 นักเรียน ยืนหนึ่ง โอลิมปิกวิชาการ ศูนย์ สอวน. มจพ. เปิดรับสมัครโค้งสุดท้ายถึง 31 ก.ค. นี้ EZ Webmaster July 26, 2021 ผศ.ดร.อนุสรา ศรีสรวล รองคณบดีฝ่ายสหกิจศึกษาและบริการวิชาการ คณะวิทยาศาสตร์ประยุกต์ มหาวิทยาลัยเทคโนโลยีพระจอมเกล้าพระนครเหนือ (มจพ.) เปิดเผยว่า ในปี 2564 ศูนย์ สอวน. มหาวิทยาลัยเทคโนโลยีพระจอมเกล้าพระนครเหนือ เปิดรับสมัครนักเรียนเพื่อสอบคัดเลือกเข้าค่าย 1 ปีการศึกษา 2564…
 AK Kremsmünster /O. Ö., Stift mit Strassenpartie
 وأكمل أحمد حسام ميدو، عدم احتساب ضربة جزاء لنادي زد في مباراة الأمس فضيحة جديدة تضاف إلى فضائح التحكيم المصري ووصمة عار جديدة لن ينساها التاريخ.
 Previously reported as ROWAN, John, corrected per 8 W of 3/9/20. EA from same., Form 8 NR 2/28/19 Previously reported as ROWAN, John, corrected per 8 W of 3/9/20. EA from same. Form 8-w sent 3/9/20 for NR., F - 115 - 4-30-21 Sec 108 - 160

---

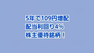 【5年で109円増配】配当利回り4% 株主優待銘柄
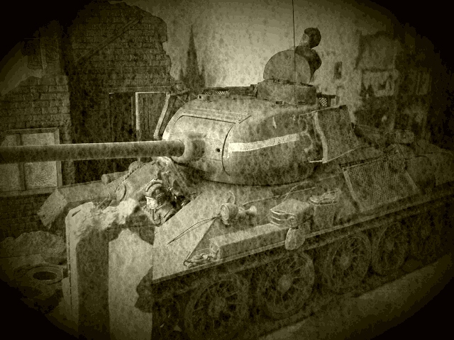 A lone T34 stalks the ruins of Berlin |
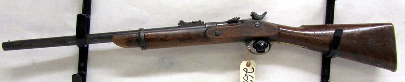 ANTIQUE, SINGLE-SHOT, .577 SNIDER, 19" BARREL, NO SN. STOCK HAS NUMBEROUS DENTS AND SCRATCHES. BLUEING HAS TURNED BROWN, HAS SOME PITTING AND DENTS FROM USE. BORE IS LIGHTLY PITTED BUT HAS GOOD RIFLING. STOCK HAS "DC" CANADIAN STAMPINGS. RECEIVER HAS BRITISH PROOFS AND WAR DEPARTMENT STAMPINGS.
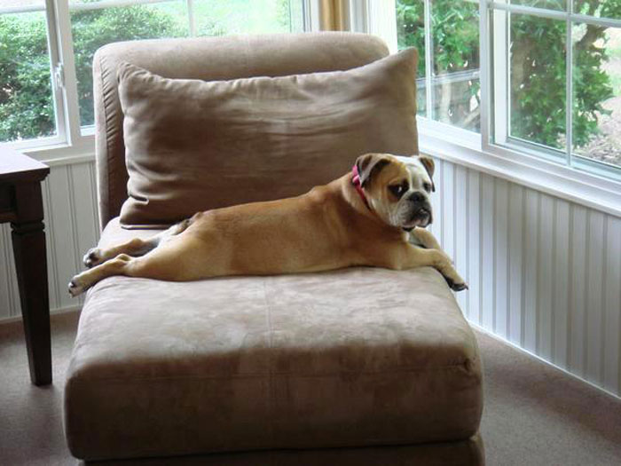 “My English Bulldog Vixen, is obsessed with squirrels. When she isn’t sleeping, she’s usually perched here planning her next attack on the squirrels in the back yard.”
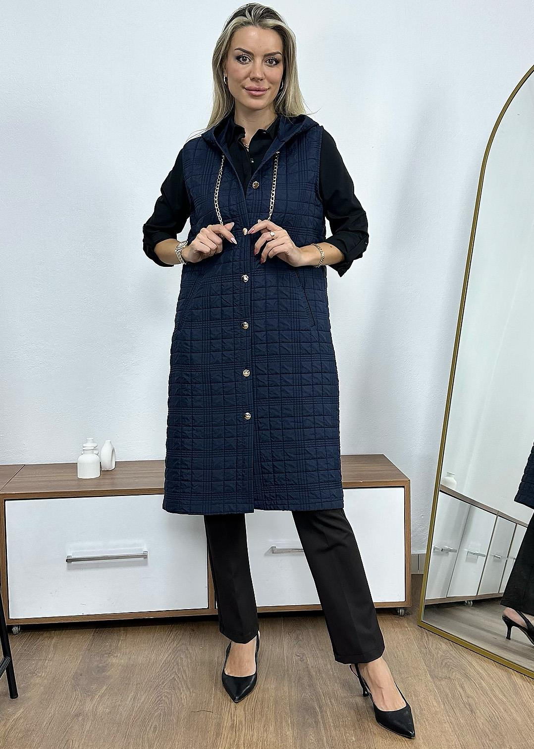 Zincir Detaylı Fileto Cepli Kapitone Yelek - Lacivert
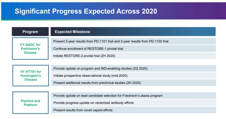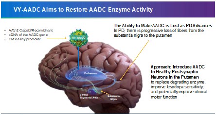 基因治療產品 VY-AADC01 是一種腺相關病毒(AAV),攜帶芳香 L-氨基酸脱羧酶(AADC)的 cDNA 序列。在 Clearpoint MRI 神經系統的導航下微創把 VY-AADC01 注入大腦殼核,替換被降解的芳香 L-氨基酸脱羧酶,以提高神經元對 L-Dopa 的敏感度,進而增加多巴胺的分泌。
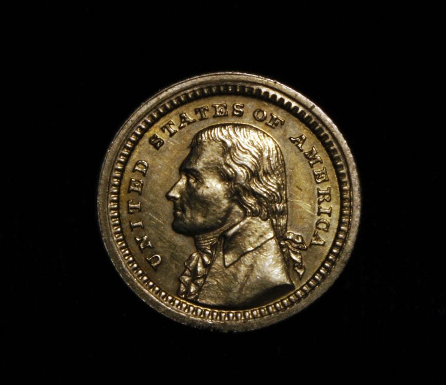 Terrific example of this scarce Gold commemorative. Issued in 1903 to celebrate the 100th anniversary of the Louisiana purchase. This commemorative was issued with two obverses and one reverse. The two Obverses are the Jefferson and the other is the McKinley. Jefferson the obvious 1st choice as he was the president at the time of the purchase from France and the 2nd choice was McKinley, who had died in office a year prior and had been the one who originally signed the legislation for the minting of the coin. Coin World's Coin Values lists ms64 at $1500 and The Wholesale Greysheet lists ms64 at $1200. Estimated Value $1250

* * *

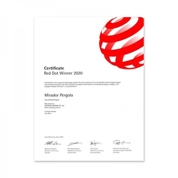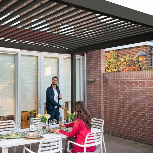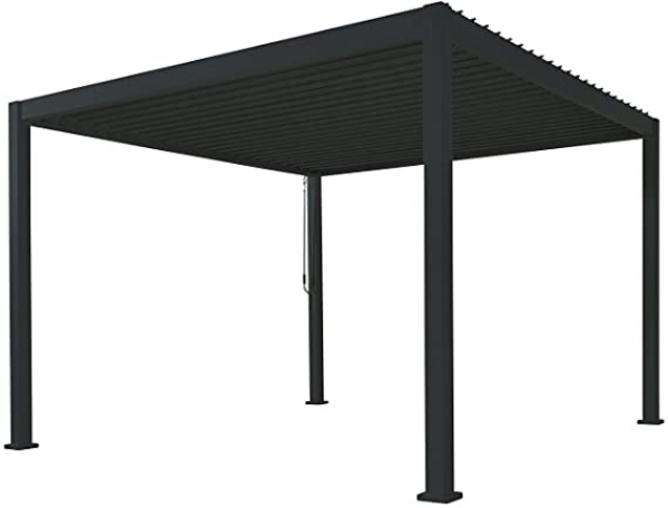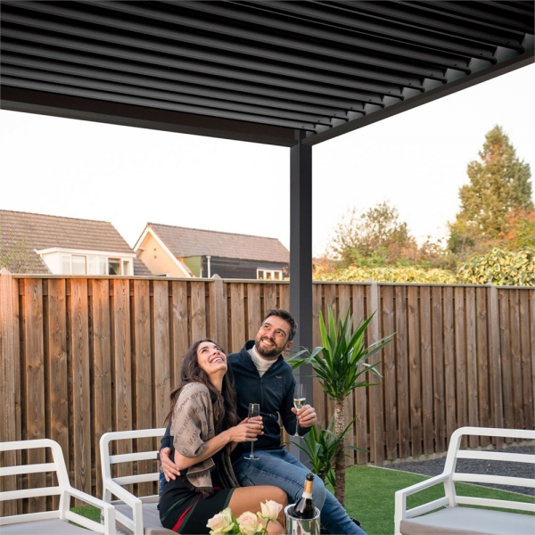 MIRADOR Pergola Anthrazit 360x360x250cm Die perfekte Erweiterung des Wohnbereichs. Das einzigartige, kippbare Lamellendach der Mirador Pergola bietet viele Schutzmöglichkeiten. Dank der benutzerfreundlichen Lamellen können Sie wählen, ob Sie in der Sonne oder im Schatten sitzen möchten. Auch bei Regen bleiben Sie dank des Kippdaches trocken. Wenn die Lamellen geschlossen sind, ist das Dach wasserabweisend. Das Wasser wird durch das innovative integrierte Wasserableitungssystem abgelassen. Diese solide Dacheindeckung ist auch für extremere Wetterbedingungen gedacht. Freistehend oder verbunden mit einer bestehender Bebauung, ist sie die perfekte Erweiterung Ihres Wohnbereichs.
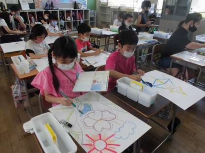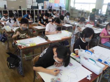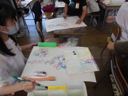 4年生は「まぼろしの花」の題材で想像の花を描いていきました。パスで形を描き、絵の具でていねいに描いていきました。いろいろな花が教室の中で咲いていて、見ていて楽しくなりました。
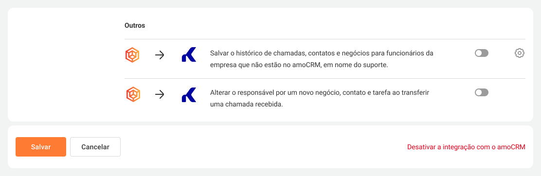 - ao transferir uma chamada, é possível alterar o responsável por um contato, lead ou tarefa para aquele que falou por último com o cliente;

• Action item: In the data above, the stretch from the line with "Zincir Detaylı Fileto" through the line with "基因治療產品 VY-AADC01 是一種腺相關病毒(AAV),攜帶芳香" is to be returned exactly, minus any pictures.

• Answer to the problem:
 Zincir Detaylı Fileto Cepli Kapitone Yelek - Lacivert
 基因治療產品 VY-AADC01 是一種腺相關病毒(AAV),攜帶芳香 L-氨基酸脱羧酶(AADC)的 cDNA 序列。在 Clearpoint MRI 神經系統的導航下微創把 VY-AADC01 注入大腦殼核,替換被降解的芳香 L-氨基酸脱羧酶,以提高神經元對 L-Dopa 的敏感度,進而增加多巴胺的分泌。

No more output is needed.